Jonathan Spencer's Tales of Ordinary Wisdom
Politics, Poetry, Psychology, Rants and Recipes
Politics, Poetry, Psychology, Rants and Recipes
I decided after coming back from worship to watch Saving Private Ryan. It is the end of this film that leaves me with a profound sense of sadness and foreboding. As the captain lays dieing he whispers in Private Ryans ear “earn this” and then we cross fade to the same Private Ryan some 50 years later in one of the great war grave cemeteries before the Captains grave stone, asking his wife whether he was a good man and had led a good life.
I found this scene very upsetting, as I feel that Spielberg is asking us the very same thing, have you earnt the life that others died to give you, have you been a good person. Although the world seems to be coming round again to subtle forms of totalitarianism, depending on whose side you are on, we find ourselves without the SS and a death camp outside every town, with out the massive pits filled with lime and bodies or the rounding up of all those we see as anomalous.
Have we earnt it? I am not sure we have. I do no think we would be coming full circle to the corrupt, totalitarianism of global capitalism in the form of todays western government, Chinese communism, Russian and eastern European gangsterism or Muslim invincible ignorance, if we had really been living good lives.
When we remember the dead of the great wars and some after, the need is often to ask what they died for, a better question is whether they died in vain and and can we stop their deaths being in vain. Not by appeasement as happened after the first world war but in speaking truth to power.

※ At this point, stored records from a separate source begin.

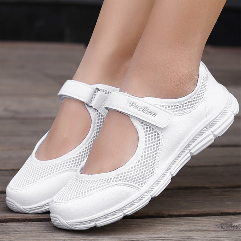 Women Flats Breathable White Shoes Women Lightweight Zapatillas Mujer Spring Autumn Flat Shoes Plus Size Casual Sneakers Female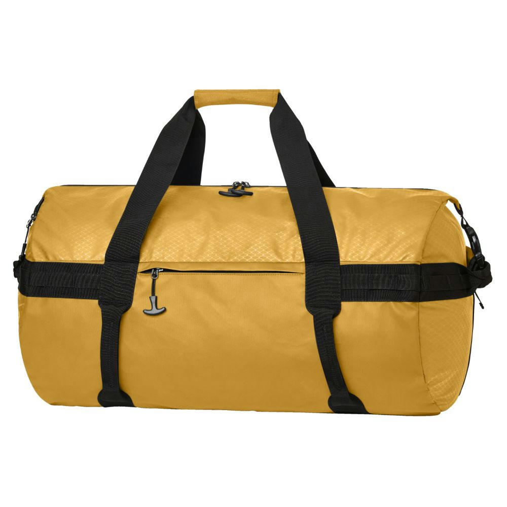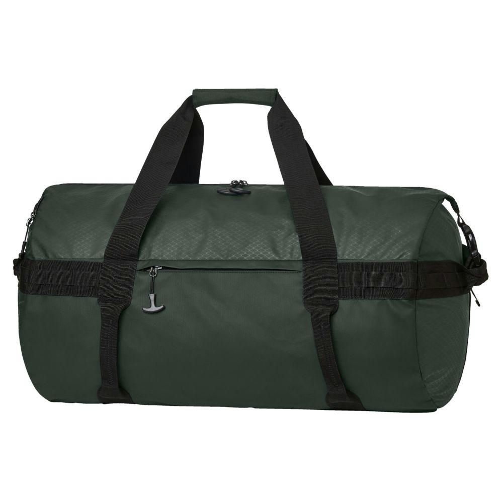 komfortable Sport-Reisetasche mit Rucksackfunktion; geräumiges Hauptfach mit 2-Wege-Reißverschluss und seitlichen Steckverschlüssen; seitliches Reißverschlussfach; Reißverschluss-Vortasche; umlaufendem Funktions- Schlaufenband; diverse Handgriffe; Tragegriffe und versteckte, gepolsterte und längenverstellbare Schultergurte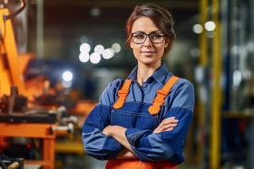 glazier woman confident work blurred background glass window construction repair female tools equipment professional skilled safety hard hat goggles gloves uniform ladder smiling happy success empowerment female empowerment women in construction women in trades role modelImagine Buddy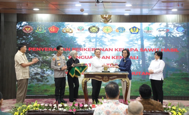 Hasil Penguasaan Kembali Satgas Penertiban Kawasan Hutan(Satgas PKH) secara simbolis diserahkan oleh Jaksa Agung Muda Tindak Pidana Khusus (JAM-Pidsus) Febrie Adriansyah selaku Ketua Satgas PKH kepada Menteri Keuangan dan Menteri BUMN.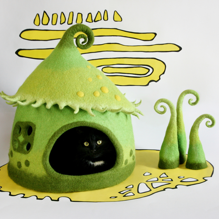Hi, am Yuliya Kosata. I live in Ukraine with my 3 cats so obviously i love those little furry bundles of joy. My felting workshop is in my home so all my cats are always around and closely participate in the process of my work. Cats love wool am working with and trying to nest in it all the time. More than that the remaining of wool i collect and keep in little plastic bags sometimes are being even stolen from all kind of secret places by these little thieves. Watching them nesting in the wool is probably how i decided to make their dream come true and started to make cat’s houses.

How can we reach those not living good lives, but lives of greed and avarice, who are happy for others to die for them as long as they and theirs can continue in what they have.
I would urge everyone today to remember the living not the dead and our responsibility to make those deaths worthy, rather than sordid, to remember that our lives, our freedoms, the few the we really own were bought with the lives of others.
In Phillip K Dicks, Nebula Award winning: The Man in the High Castle, a world where Germany and Japan win the war is described.

“The Man in the High Castle (Penguin Modern Classics)” (Philip K. Dick)
In many ways it is little different from the one we know, in fact the Japanese influence is seen as more civilising. The Germans when alluded to are mentioned in the same breath as something dreadful they have done in Africa for more lebensraum. It is a fantasy and we can not be proud of our work in Africa. My point here is that the murderous nature of Nazism knew no bounds and would have effected all non-aryan races, colours and creeds eventually. Muslims today also have to thank the dead of the great world wars for their continued existence and perhaps they too need to ask standing shoulder to shoulder with ourselves …have we earnt this?
As we turn full circle and see more camps and mass exterminations, and death by bullet and bomb, we might also have to ask was any of it worth, can war really bring peace, it if we do not give value in peace to the things people beleive they died for?